Je remercie les éditions New Romance – Hugo Roman pour l’envoi de ce service presse

Une suite que j’attendais avec impatience et qui en même temps me faisait redouter le pire. Les dernières révélations dans le tome précédent ont largement contribué à accentuer l’excitation et cette suite s’est révélée à la hauteur de mes espérances. Chaque chapitre accentue le côté pesant du temps qui passe, l’urgence devient parfois pesante et accentue la souffrance de Leo. Le récit repose essentiellement sur les décisions d’Orion et l’impact qu’elles ont et auront sur la vie des personnages qui gravitent autour de lui.

J’ai terminé ma lecture euphorique avec un cœur qui bat à cent à l’heure, il est indéniable que ce roman est addictif et j’ai terminé sans réaliser que la dernière page arriverait si vite. En lisant la dernière ligne, je n’avais qu’une envie retranscrire les émotions éprouvées lors de ma lecture. Seulement après plusieurs tentatives, les mots sont brouillons et mes mots ne rendent pas justice à l’histoire, ainsi qu’à ces personnages originaux qui ont pris vie le temps d’un ballet endiablé. J’ai recommencé ces lignes à plusieurs reprises et j’avais l’impression de d’en dire trop. Il faut dire que cette suite, est liée aux révélations qu’Orion s’apprêtent à mettre à exécution.

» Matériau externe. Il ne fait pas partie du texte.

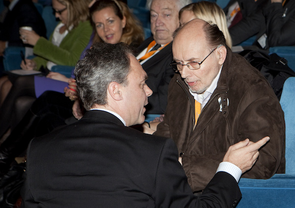 Jan Björklund (L) och Per Ahlmark samtalar på Folkpartiets riksmöte i Västerås 2012, ett av Ahlmarks sista större publika framträdanden. Foto: Per Groth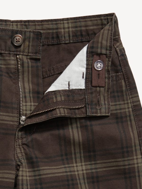Below Knee Baggy Canvas Shorts for Boys: interior adjustable waistband, regular button closure, zip fly, scoop pockets and coin pocket in front, patch pockets in back, below knee, #766370

Cette décision qu’Orion est convaincu d’être la bonne est l’une des plus difficiles à lire, car on image sans mal la douleur que Leo ressent en imaginant ce que ça implique. Malgré quelques doutes, j’ai été éblouie par la force de caractère de Leo, elle est désormais libérée de ses chaînes et c’est avec passion qu’elle continue d’exercer son art. Après Melbourne et Sydney, nous embarquons pour Tokyo où Orion a de nouveaux projets pour sa muse, sur place ils font la connaissance du sombre Hiro Neruji. On quitte un peu la rigidité de la discipline, laissant libre cours à l’imprévu et tous les deux ils vont se laisser porter à la fois par la colère, l’amour et la passion.

Du côté d’Orion, le mystère s’estompe au fur à et mesure que l’histoire avance, lui d’abord si secret va se résigner à s’ouvrir à Leo. Pas toujours fan de certaine de ces décisions, il n’en demeure pas moins touchant. Dans cette suite on va le voir déterminé à exécuter ce qu’il pense être le mieux, de l’extérieur on pourrait le penser égoïste, et j’ai également éprouvé certaines émotions négatives envers lui, mais son histoire est loin d’être évidente et ça pourrait briser le monde de beaucoup de personnes. Un passage en particulier m’a un peu déçu, mais je n’ai pas réussi à totalement le détester, car son secret m’a ému et à sa place j’ai du mal à imaginer comment serait ma vie.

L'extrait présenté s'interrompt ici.